Kızıl sakallı şişman adam pek de sağlam görünmeyen sandalyenin üzerine çıktı. Bunu omuzlarına bastırdığı iki Medeàlı'dan destek alarak yaptı. Sandalye titrese de yıkılmadı. Belli ki konuşmayı o yapacaktı. Kafasında kâğıttan uyduruk bir şapka, üzerinde ise bol miktarda kan ve yağ lekesi içeren sözde beyaz bir önlük asılıydı. Boğazını temizleyip hafifçe öksürdüğünde süregelen uğultu yerini derin bir sessizliğe bıraktı.

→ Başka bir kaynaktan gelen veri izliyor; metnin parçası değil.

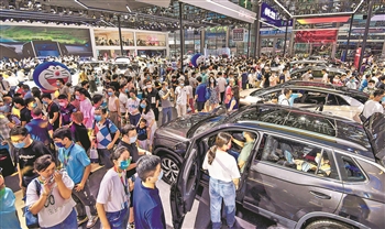 7月17日,2021粤港澳大湾区车展启幕,国内外百余汽车品牌携千款车型亮相,其中有近50款新车发布。作为深圳今年疫情后的首展,时值周末的展会客流如潮,展馆里挤满了密密麻麻的观众,一如往昔。 视觉中国 供图

"Pek saygıdeğer beyefendiler ve borcunu hâlâ ödemeyip herkesten fazla yemeyi de katiyen ihmal etmeyen yüzsüz Gaon." Kalabalık kahkahaya boğuldu. Adı geçen kel kafalı ise dizlerini kırarak suretini gizlemeye çalışıyordu. "Merakla beklediğiniz... Özlediğiniz... Arzuladığınız... Büyük müsabaka az sonra başlayacak." Alkışlar havada uçuştu. Tezahüratların haddi hesabı yoktu. Uzun süren ıslıklar ve birbirini izleyen bağırışlar aşçının eli havaya kalkana kadar da sürüp gitti. "Medeà'nın ve Andòr'un iki güçlü bileği bugün burada kozlarını paylaşacaklar. Sol tarafımda gördüğünüz şu kaslı yaratık krallığımıza gelip şampiyonumuz Gruz'a meydan okuma cesaretini gösterdi. Pek tabii biz de kabul ettik." Aşçı az biraz düşündükten sonra solundaki pos bıyıklıya dönerek "Adı neydi bu manyağın?" diye sordu.

"Klen Mulonwa."

"Böyle boktan isim mi olur?"

Pos bıyıklı omuz silkti. "Öyle."

Aşçı duruşunu düzetti. Tok sesini ayarladı ve "Klen Mulonwaaaa." diye bağırdı.

Güçlü yuh sesleri aldı başını gitti, tavana yükseldi, salonu doldurup pencerelerden taştı. Suratında derin kesikler olan sarışın ayağa kalkıp kalabalığa doğru hırlayarak şişirdiği damarlı kaslarını gösterdi. Kuduz bir köpeği andırıyordu. Üzerindeki tuniğin dikiş yerleri öyle bir gerilmişti ki biraz daha zorlasa dağılıp etrafa saçılacak, paramparça olacaktı. Bu hareketin ardından yuh seslerinin seviyesi bir tık daha artmış, hakaret ve küfürlü tezahüratlar yuhlamaları layığıyla desteklemeye yetmişti. Şişman aşçı elini havaya kaldırıp huzuru sağlamaya çalışıyordu şimdi. Bu biraz zaman aldı ama en nihayetinde istediği oldu.